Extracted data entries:
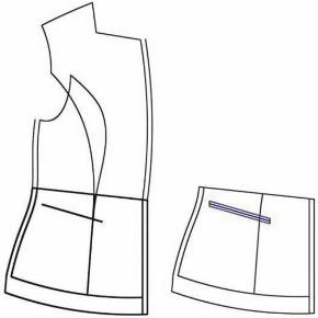 模板设计前首先进行衣片处理,将前公主线在腰节线以下部分旋转合并,模拟为公主线缝合;连顺袋口线,袋口宽1 cm(上下袋唇各0.5 cm),蓝色线为开槽线。衣片加缝份,确定模板开袋时衣片摆放的准确位置。在腰节线附近将衣片切断,以下半部分作为模板设计的依据。如图6.35所示。
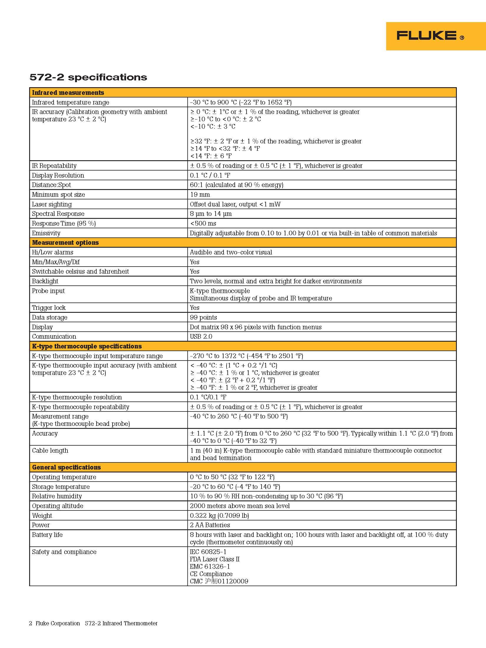 • Measure -30 °C to 900 °C (-22 °F to 1652 °F)
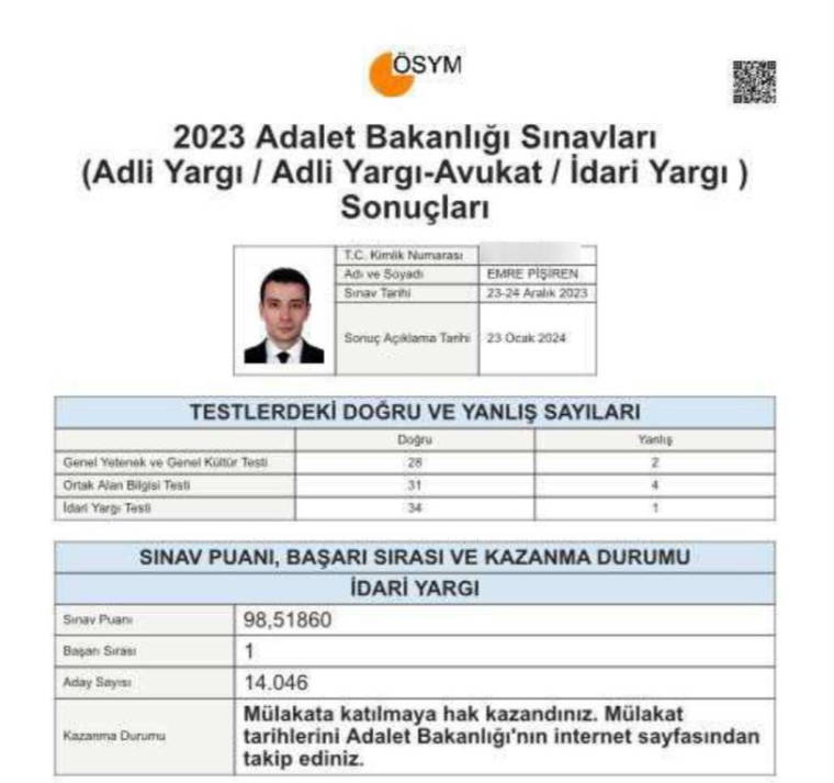 Emre Pişiren; Ankara Üniversitesi Siyasal Bilgiler Fakültesi Siyaset Bilimi ve Kamu Yönetimi Bölümü’nden 2018 yılında mezun olmuş. 2021 yılında yapılan İdari Yargı Hâkim Adaylığı Yazılı Sınavı’nda Türkiye 8.’si olmuş. Ancak mülakatta elenmiş. Vazgeçmemiş. 2022’de sınava tekrar girmiş. Bu kez Türkiye 1.’si olmuş. Mülakatta yine elenmiş. Yine vazgeçmemiş. 2023’te sınava tekrar girmiş. Bu kez 98.5 puan ile rekor kırarak yine Türkiye 1.’si olmuş. Geçen 29 Haziran’da ilan edilen mülakatta yine elenmiş. “Artık yeter” diyerek hakkını mahkemelerde aramaya karar vermiş.
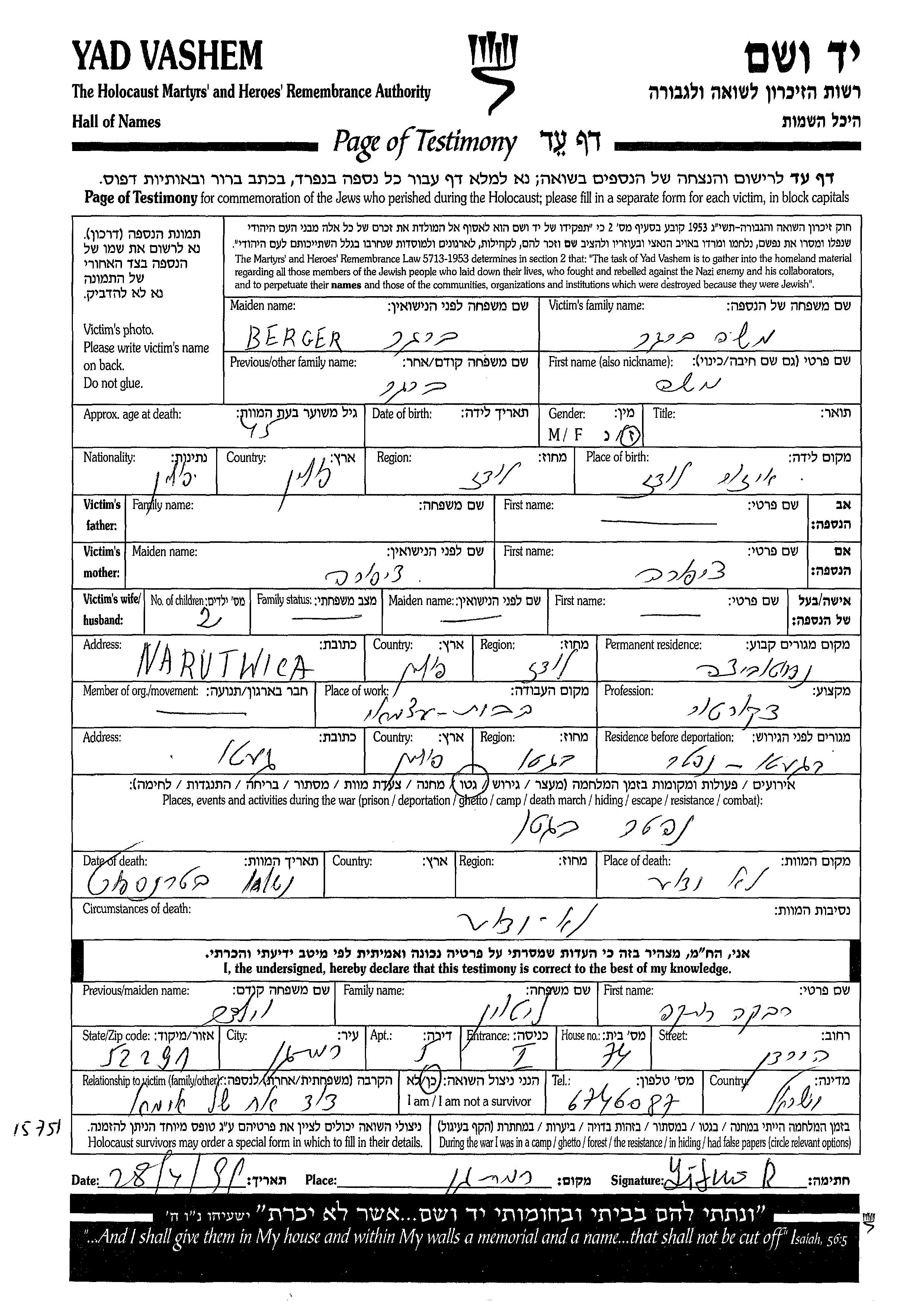 Moshe Berger wurde in Lodz, Polen geboren. Er war der Sohn von Tzipora. Er war Dekorateur und Verheiratet. Vor dem Zweiten Weltkrieg lebte er in Narutavichy, Polen. Während des Krieges war er in Polen.
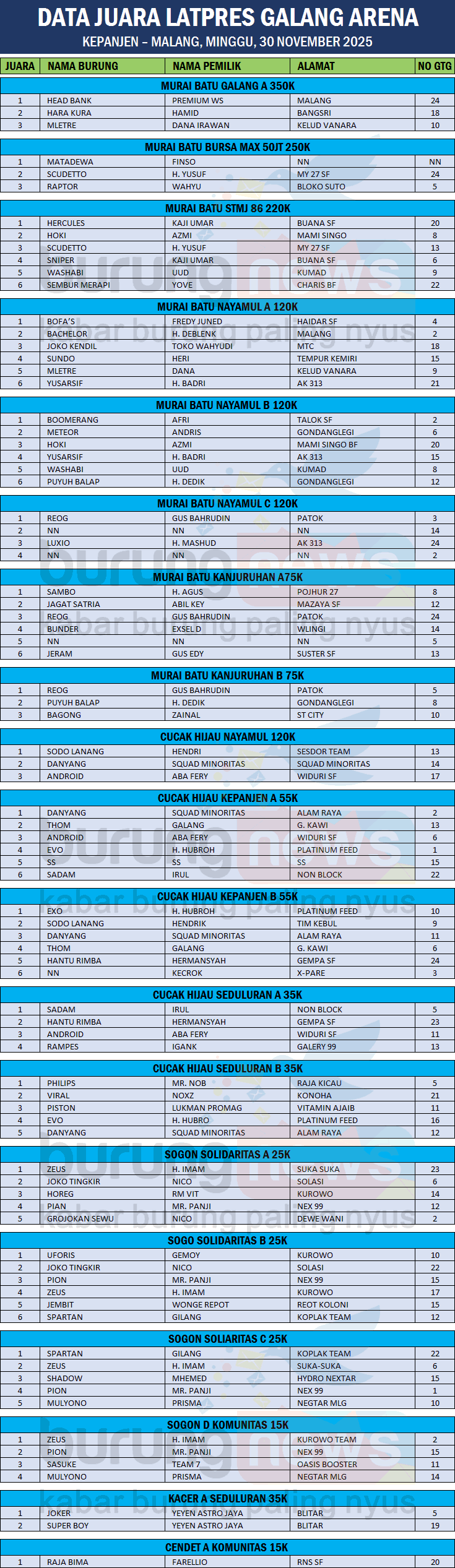 KATA KUNCI: data juara latpres galang arena kepanjen malang head bank
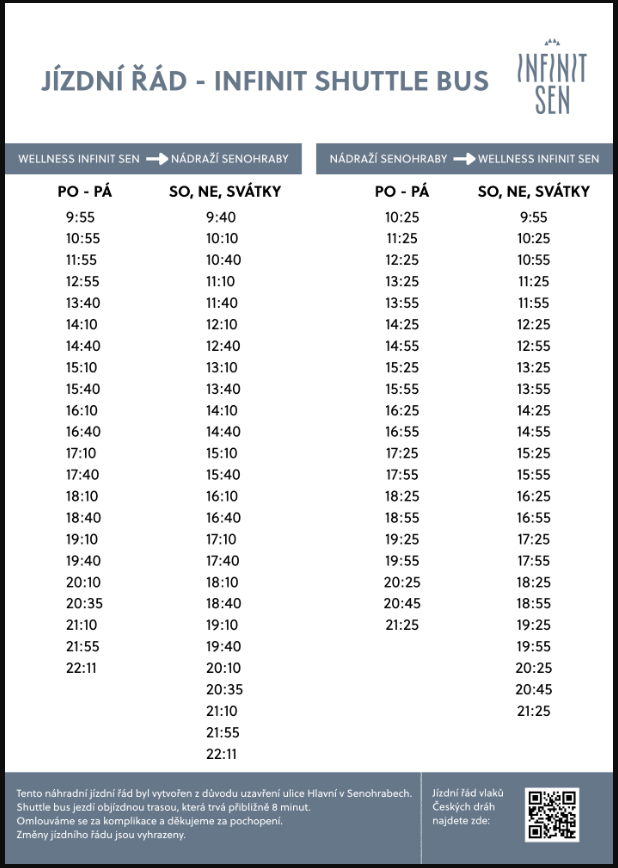 Náš shuttle bus Vás přímo od hotelu přiveze na vlakové nádraží v Senohrabech na každý odjezd vlaku do Prahy či Benešova. Stejně tak vás vyzvedne při každém příjezdu vlaků zpět do Senohrab a přiveze přímo k hotelu.
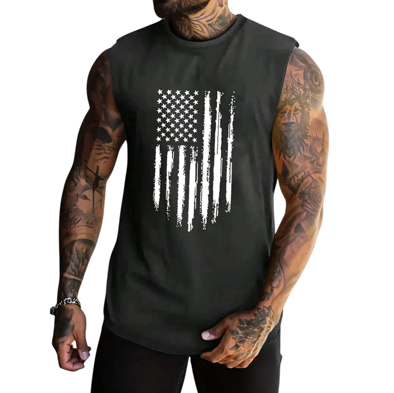 Stilfuld herretanktop i let polyester med motiv af det amerikanske flag tilbyder komfort, hurtig tørring og et markant udseende til sommeren. Fuld beskrivelse
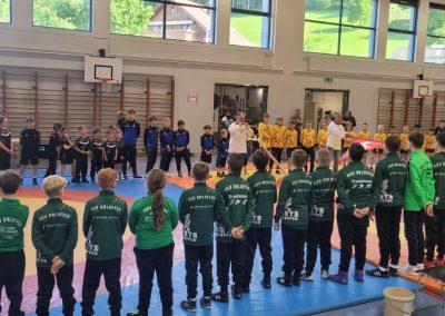 Die Kinder machten sich selbstständig warm und sorgten gleich zu Beginn für Aufsehen: Der Einmarsch erfolgte nicht wie gewohnt im ruhigen Schritt – die Urloffener sprinteten mit voller Energie in die Halle.
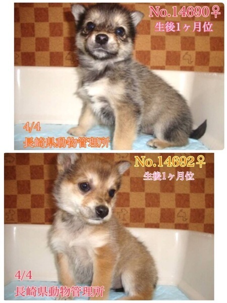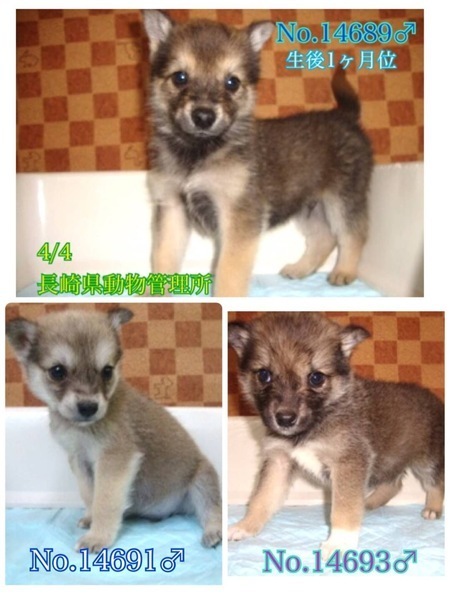 | 里親募集する理由 | まだよちよち歩きの生後1か月位、とっても可愛い雑種の子犬(男の子3匹と女の子2匹)兄妹ですฅ•ﻌ•ฅ 〜4/25追記〜 女の子2匹は里親様が決まりました! 野良ちゃんが6匹生んだようです、長崎県壱岐市郷ノ浦町内にて4/4保護され保健所収容、4/20に長崎県動物管理所へ移送されてきました。(うち1匹は譲渡になりました) 突然親犬と離れ離れになり連れて来られてどんなに寂しく心細いか。 残るこの子達5匹も、一日も早く温かい家庭の中で過ごさせてあげたいです。 ⭐️県外、遠方の方でも譲渡の条件が合い、良縁に恵まれましたら里親になっていただけますのでどうぞ宜しくお願い致します! ※ ※ ※ 長くなりますが犬猫と里親様の幸せの為にも、募集内容を熟読し、必ずご家族とよく相談をされた上、ご家族全員の賛同を得られてからのお問い合わせ をお願い申し上げます。 ⭐️ 外飼いでは無く、室内飼育で家族の一員として迎えて下さる方、どちらの子をご希望か「引き渡し方法」のところにあります【アンケート】にご回答と、どの子をご希望かと共に、お問い合わせを頂けますよう、お願い申し上げますm(_ _)m 優しい職員さん方が大丈夫だよ、幸せになれます様にと毎日触れ合い、声掛けしながら一生懸命にお世話してくださっています。 最初は怯えている子もいましたがだいぶ人馴れしてきて撫で撫でも抱っこも大丈夫、今は尻尾フリフリ寄ってきてくれるようになってきました(^^) 子犬らしい愛嬌たっぷりです♪ 栄養状態や健康状態がいいとは言い切れません。体調も急変しやすいかと思われます(>_<) 何か病気や障害が有るのか無いのかも分かりません。 皮膚炎や脱毛などは見受けられませんが、今後体調の急変もあり得ることを念頭に置き、譲渡後は早急な病院受診が可能なご家庭を希望しておりますm(_ _)m 現在は1日に2回、ご寄付で送って頂いた栄養価の高い良質な仔犬用のドライフード(ネイティブドッグフードパピー)をふやかしたものを食べています。 まだまだ幼い為、長時間のお留守番は出来ません。寂しくて夜鳴きする子もいます。 今後の健康な成長の為に良質なフードを与える事が可能な方、育てる自信と覚悟のある方、飼育経験のある方が望ましいです♡ ※子犬は思っていた以上にお世話が大変だと言われる方が多く、排泄も頻回でこれから甘噛み期もありますฅ•ﻌ•ฅ まだお散歩デビューは出来ませんが今後成長していく中で、急な物音や知らない場所にビックリして怖がって、咄嗟に逃げよう、逃げようとする可能性も大いにあり得る事だと思いますし、その時の力、引きの強さも想定し、急な走り出しや高い塀や壁・柵の飛び越え・急な方向転換や首を振って後退りからの首輪抜け、胴輪抜けにはご用心です! 呼び戻しを教えなければもし逃がしてしまったらピューっと走って行ってしまうタイプかもしれません!(>_<)もし逃がしたらもう捕まえられない!とお考えくださいm(_ _)m ※繰り返しになりますがどんな子であっても、慣れてきても常に、脱走・逃走には充分な注意と最大限の配慮をお願いしております m(_ _)m 適切に制御し、躾や朝晩のお散歩、運動の時間をしっかり取ることの出来る、沢山優しく触れ合って頂ける方、先ずはじっくりと時間を費やし触れ合い、信頼関係を作っていく事の出来るご家庭を希望しております。 ♡人間が焦らずにゆっくり見守りながら、愛情を持って接ししっかりとお散歩にも連れ出して行けば、この子達ならじきに新しい家庭に馴染んでいける、優しい家族に囲まれて思い切り甘えて遊んでほしいのだと思います。 当分の間はかなり手がかかり大変かと思いますがまだ子犬ですし、広い心で、長期戦でもドンとこい^_^と仰って頂ける方、愛くるしいこの子達を尻尾フリフリ♫ニコニコの笑顔にしてくださる方、いらっしゃいませんか? どうぞ宜しくお願い申し上げますm(_ _)m ⭐️必ず室内飼育で、譲渡後速やかに病院受診、健康診断、2回目混合ワクチン、生後4〜6ヶ月頃を目処に不妊手術をする事が可能なご家庭。 ⭐️まだまだ幼い為長時間のお留守番は出来ません。なるべくお留守番の少ない、(4時間以内)沢山優しくスキンシップやコミュニケーションで触れ合っていただけるご家庭。 ストレスが溜まらぬよう成長後の運動量もしっかり確保出来るご家庭m(_ _)m ⭐️トイレの躾は1からとなります。まだ子犬なので躾は入りやすいと思われます。現在ペットシートでトイレの練習中(^^) 最初は何かと手がかかり大変ですが(広めのトイレスペースや、ペットシート、新聞紙を用意など)覚悟と根気・理解で受け入れて下さる方m(_ _)m ⭐️出来れば中型〜大型犬の飼育経験があり自信のある方、愛情を持って犬をしっかり躾することが出来る方、毎日朝晩のお散歩や運動にも充分時間をあてられる方、もし怖がってなかなかお散歩が出来ない時などにはずっと家の中に引きこもりにならぬよう、場合によりトレーナーさんをお願いしてきちんと向き

PROBLEM STATEMENT — Repeat the data verbatim through the "KATA KUNCI: data" line, no pictures.

ANSWER AREA —
 模板设计前首先进行衣片处理,将前公主线在腰节线以下部分旋转合并,模拟为公主线缝合;连顺袋口线,袋口宽1 cm(上下袋唇各0.5 cm),蓝色线为开槽线。衣片加缝份,确定模板开袋时衣片摆放的准确位置。在腰节线附近将衣片切断,以下半部分作为模板设计的依据。如图6.35所示。
 • Measure -30 °C to 900 °C (-22 °F to 1652 °F)
 Emre Pişiren; Ankara Üniversitesi Siyasal Bilgiler Fakültesi Siyaset Bilimi ve Kamu Yönetimi Bölümü’nden 2018 yılında mezun olmuş. 2021 yılında yapılan İdari Yargı Hâkim Adaylığı Yazılı Sınavı’nda Türkiye 8.’si olmuş. Ancak mülakatta elenmiş. Vazgeçmemiş. 2022’de sınava tekrar girmiş. Bu kez Türkiye 1.’si olmuş. Mülakatta yine elenmiş. Yine vazgeçmemiş. 2023’te sınava tekrar girmiş. Bu kez 98.5 puan ile rekor kırarak yine Türkiye 1.’si olmuş. Geçen 29 Haziran’da ilan edilen mülakatta yine elenmiş. “Artık yeter” diyerek hakkını mahkemelerde aramaya karar vermiş.
 Moshe Berger wurde in Lodz, Polen geboren. Er war der Sohn von Tzipora. Er war Dekorateur und Verheiratet. Vor dem Zweiten Weltkrieg lebte er in Narutavichy, Polen. Während des Krieges war er in Polen.
 KATA KUNCI: data juara latpres galang arena kepanjen malang head bank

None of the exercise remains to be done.